== Segment start ==
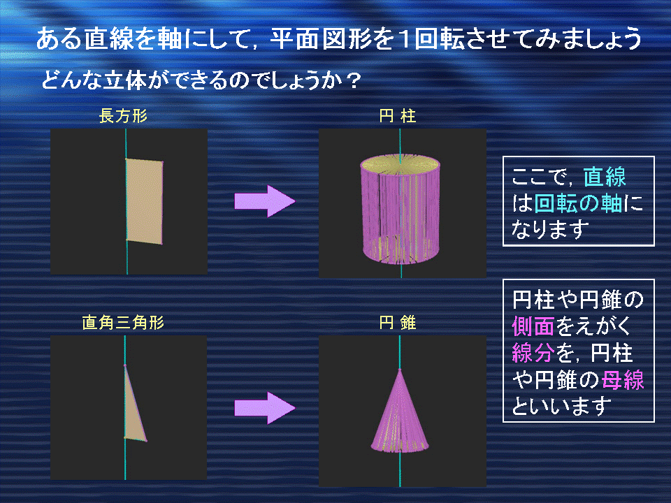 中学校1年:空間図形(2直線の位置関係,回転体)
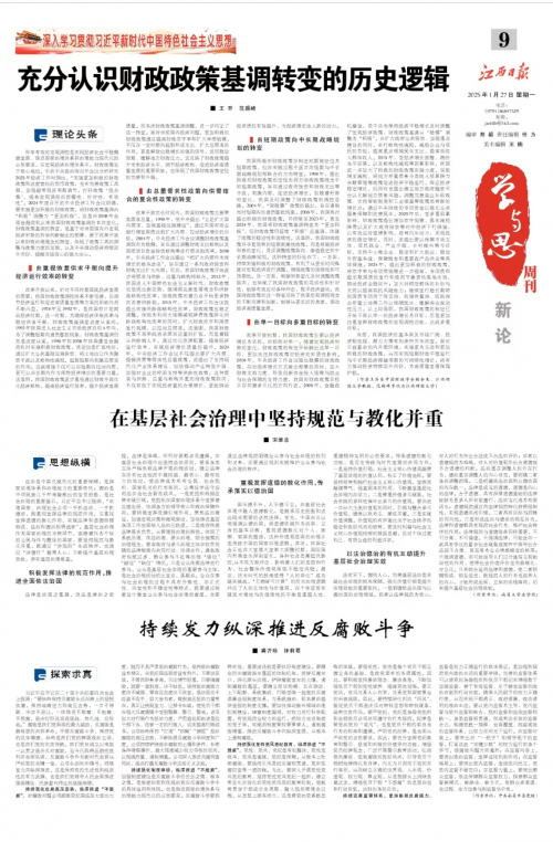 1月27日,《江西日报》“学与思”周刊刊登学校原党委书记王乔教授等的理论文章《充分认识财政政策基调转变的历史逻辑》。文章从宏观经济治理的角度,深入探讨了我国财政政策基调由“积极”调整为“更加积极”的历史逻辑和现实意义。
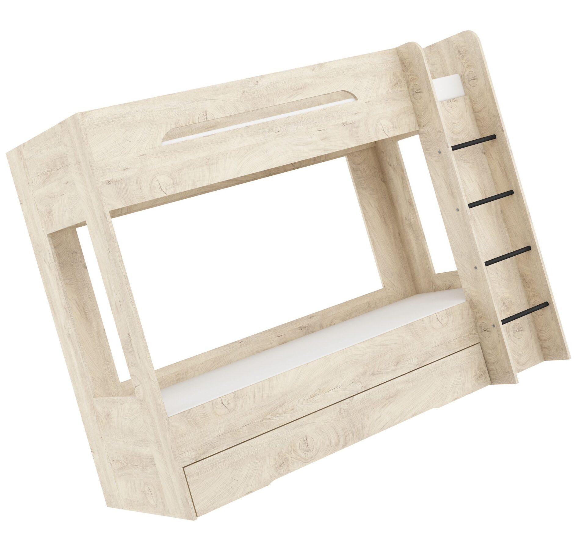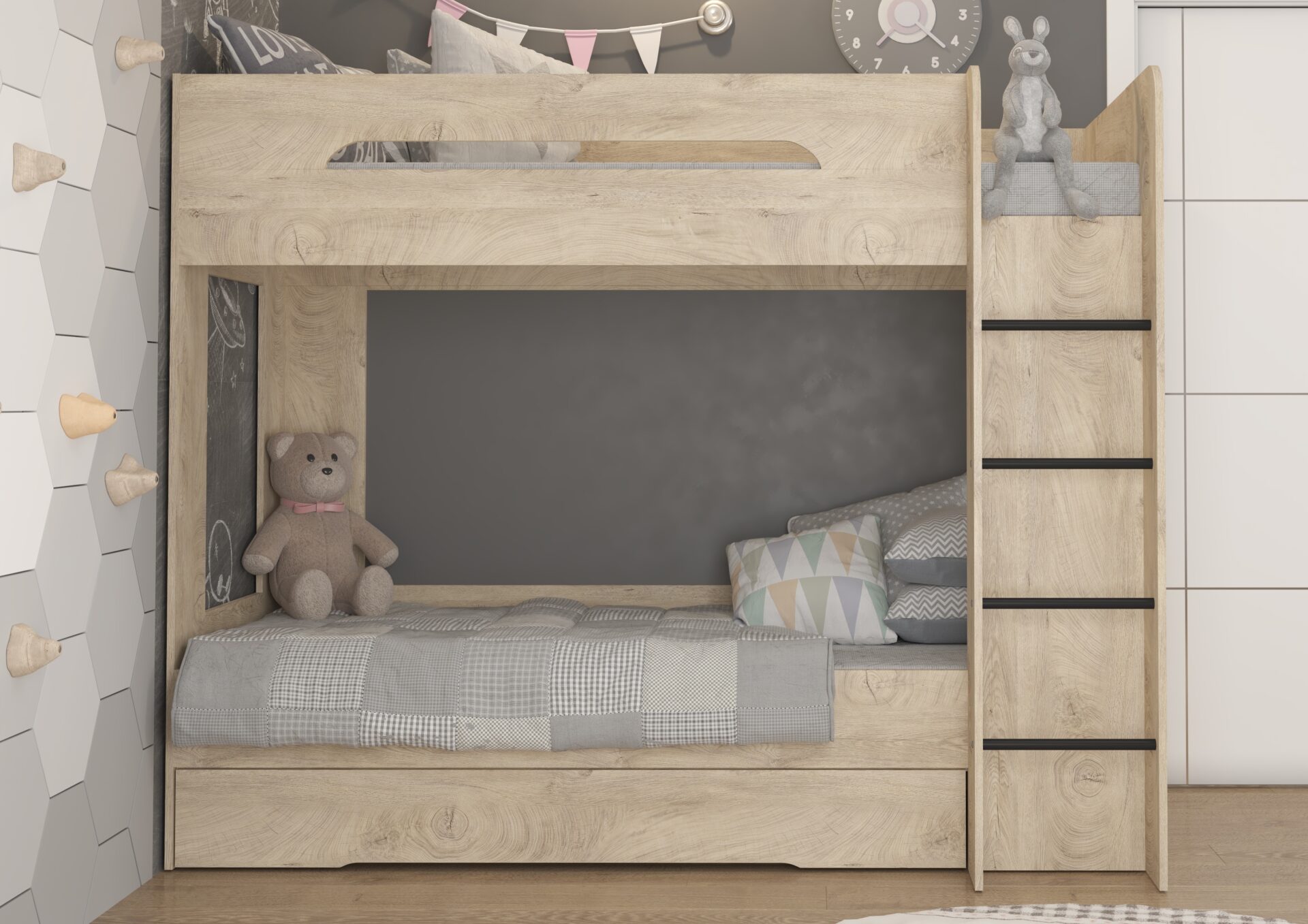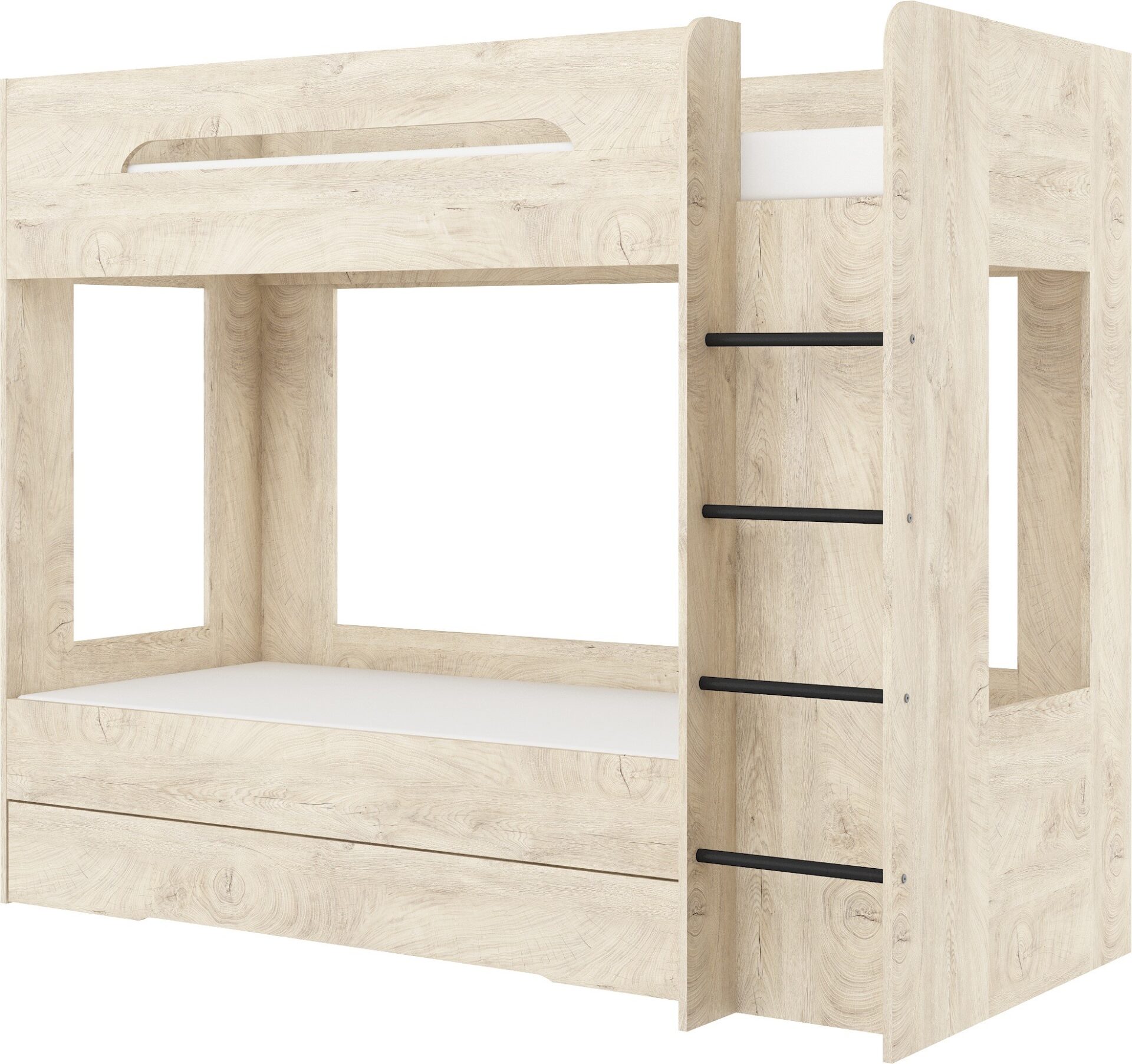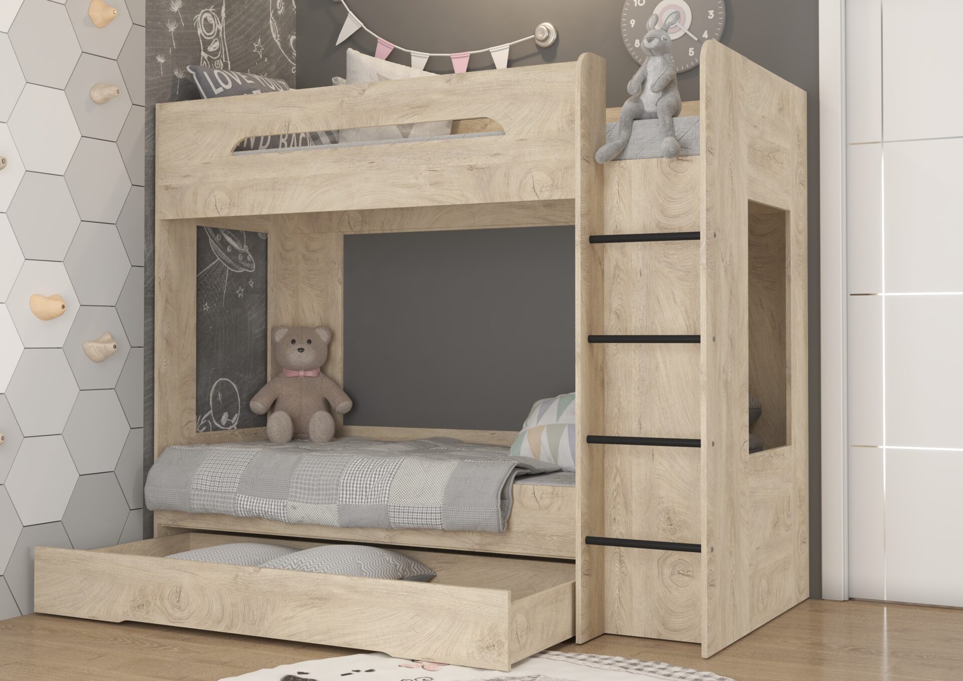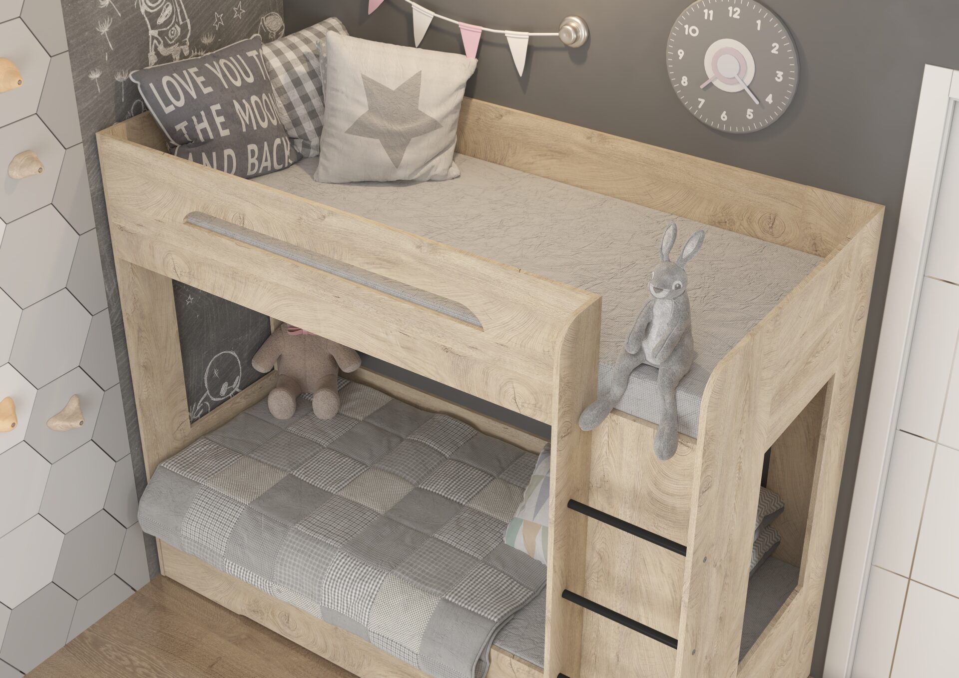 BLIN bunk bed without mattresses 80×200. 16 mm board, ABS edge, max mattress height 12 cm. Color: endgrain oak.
== Segment end ==
== Segment start ==
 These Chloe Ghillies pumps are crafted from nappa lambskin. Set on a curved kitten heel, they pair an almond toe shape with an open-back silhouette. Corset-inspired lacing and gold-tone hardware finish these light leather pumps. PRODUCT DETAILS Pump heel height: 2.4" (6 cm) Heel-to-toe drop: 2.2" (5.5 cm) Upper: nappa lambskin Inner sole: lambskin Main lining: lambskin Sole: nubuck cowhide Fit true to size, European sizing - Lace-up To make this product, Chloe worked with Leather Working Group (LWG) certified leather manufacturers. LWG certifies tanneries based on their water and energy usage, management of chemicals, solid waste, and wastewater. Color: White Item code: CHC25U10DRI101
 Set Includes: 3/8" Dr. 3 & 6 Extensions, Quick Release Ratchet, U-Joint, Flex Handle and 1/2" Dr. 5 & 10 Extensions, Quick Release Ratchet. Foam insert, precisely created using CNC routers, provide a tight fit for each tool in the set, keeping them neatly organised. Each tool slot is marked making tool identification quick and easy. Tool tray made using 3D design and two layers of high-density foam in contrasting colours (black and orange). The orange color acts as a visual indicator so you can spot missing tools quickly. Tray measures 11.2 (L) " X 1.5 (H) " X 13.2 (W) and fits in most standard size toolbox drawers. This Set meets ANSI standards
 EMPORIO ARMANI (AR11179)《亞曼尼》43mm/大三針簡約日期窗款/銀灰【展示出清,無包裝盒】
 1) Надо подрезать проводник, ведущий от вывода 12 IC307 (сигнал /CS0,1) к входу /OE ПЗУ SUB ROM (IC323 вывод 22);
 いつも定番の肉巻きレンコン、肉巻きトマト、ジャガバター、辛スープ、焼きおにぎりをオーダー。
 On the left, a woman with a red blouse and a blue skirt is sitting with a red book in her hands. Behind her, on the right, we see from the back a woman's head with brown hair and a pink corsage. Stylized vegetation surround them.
== Segment end ==
== Segment start ==
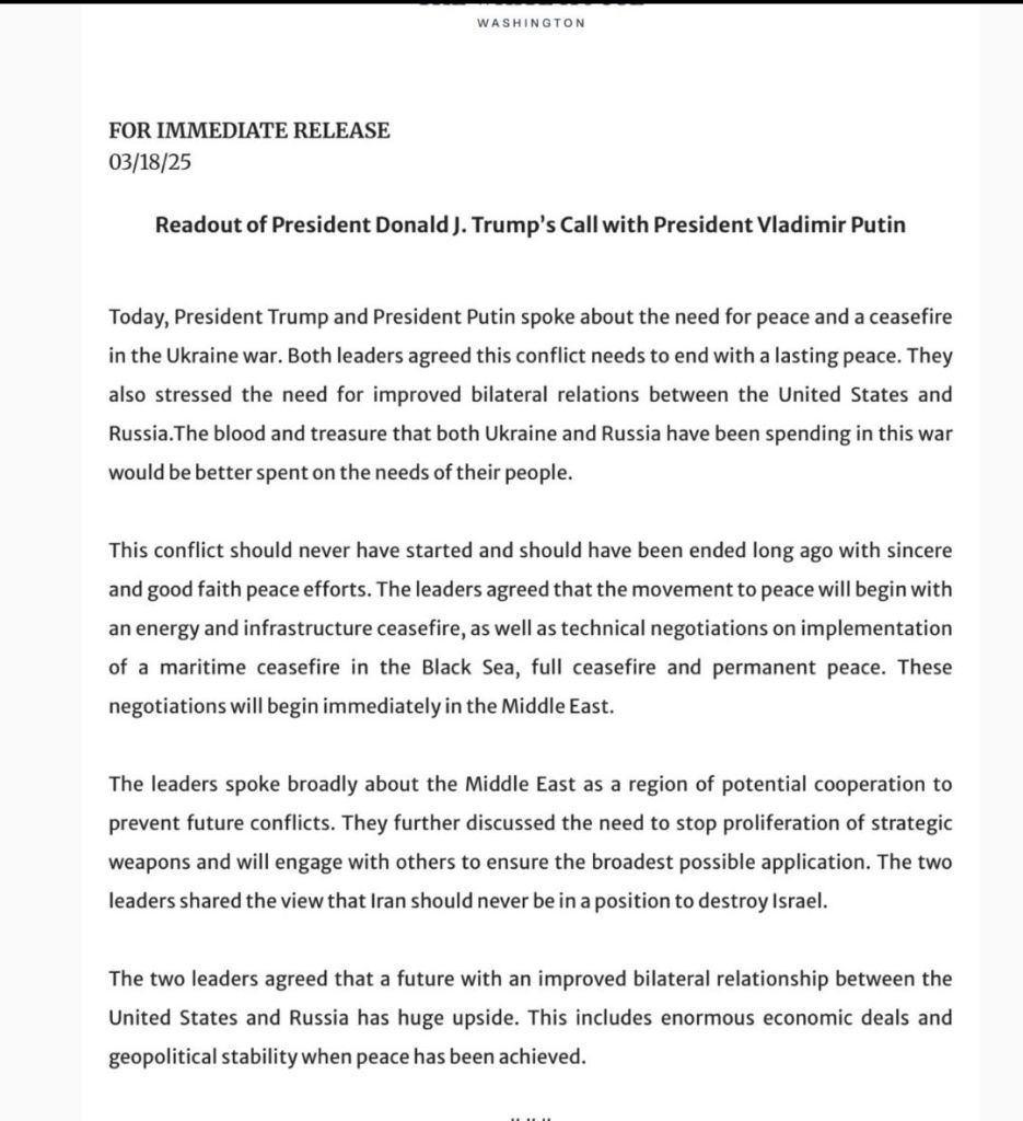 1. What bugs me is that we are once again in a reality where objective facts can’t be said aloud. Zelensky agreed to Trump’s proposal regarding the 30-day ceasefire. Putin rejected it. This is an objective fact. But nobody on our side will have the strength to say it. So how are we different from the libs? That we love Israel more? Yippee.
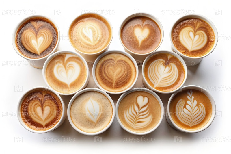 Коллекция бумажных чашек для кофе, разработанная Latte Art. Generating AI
== Segment end ==
» Work request: Retype the portion of the data above that starts on the line with "いつも定番の肉巻きレンコン、" and finishes on the line with "On the left, a", including both of those lines.

» Output for this task:
 いつも定番の肉巻きレンコン、肉巻きトマト、ジャガバター、辛スープ、焼きおにぎりをオーダー。
 On the left, a woman with a red blouse and a blue skirt is sitting with a red book in her hands. Behind her, on the right, we see from the back a woman's head with brown hair and a pink corsage. Stylized vegetation surround them.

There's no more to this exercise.